The Antigravity 2 app is a three-pane AI coding environment: project and conversation management on the left, main interaction and diff review in the center, and a prompt input and integrated terminal at the bottom. This layout matches the current standard for this category of tools.

Tested on two tasks:

**Simple UI (cafe website).** The model produced a visually polished single-page website, comparable to or better than Claude Opus 4.7 for this task. Simple UI generation appears to be a strength.

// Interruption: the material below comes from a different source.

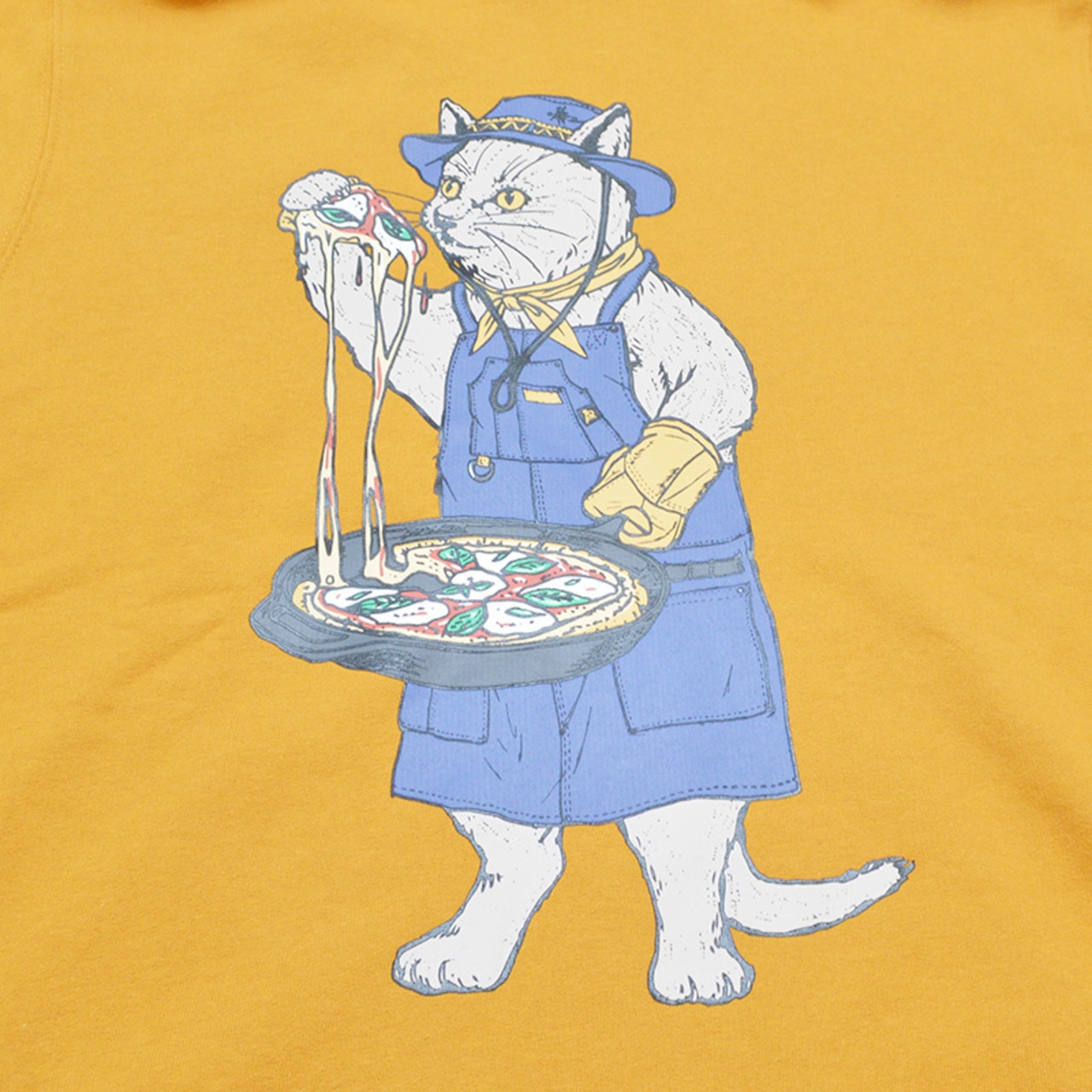 go slow caravan |ゴースローキャラバン|空紡糸裏毛 スキレットピザ猫 ヘムスピンドルフーディー (MENS/WOMENS)|ブラウン系

**Full-stack application (finance dashboard).** The resulting application was functional. The UI had a generic appearance compared to the Claude Opus version. Flash completed the task in 5 minutes versus 20 minutes for Opus; the Opus output was demonstrably more polished.

![Personal finance dashboard application generated by Gemini 3.5 Flash within the Antigravity 2 environment](https://imagedelivery.net/xZXo0QFi-1_4Zimer-T0XQ/1af69920-d323-46dc-11e2-200edc13c600/lg2x =1280x720)

The tradeoff is consistent with the benchmark data: significantly faster, with output quality that varies by task complexity.

## Antigravity CLI

The Antigravity CLI replaces the original Gemini CLI, which is being discontinued. The new CLI is rewritten in Go and is closed-source; the previous version was open-source. Functionality is similar. The move to closed source is a regression for developers who relied on the open-source version for customization or integration.

## Summary

Gemini 3.5 Flash is the fastest model currently available by a significant margin and performs well on agentic benchmarks. **For real-time conversational applications and multi-step agentic workflows where speed matters, it is a strong option. For coding tasks judged by independent benchmarks**, it underperforms its predecessors and is misrepresented in Google's own comparisons. For cost-sensitive agentic work, the per-token price advantage disappears once turn count is factored in.

**Antigravity 2 is a competent entry into the AI coding tool space without meaningful differentiation from existing tools**. The CLI's shift to closed source is a step back. The underlying model's speed advantage comes through in simple generation tasks; complex, design-sensitive work shows the gap between Flash and top-tier alternatives.

Gemini 3.5 Pro, which is forthcoming, may address the coding and cost-efficiency gaps. Until then, the Flash release is best understood as a speed-optimized specialist rather than a general-purpose replacement for existing frontier models.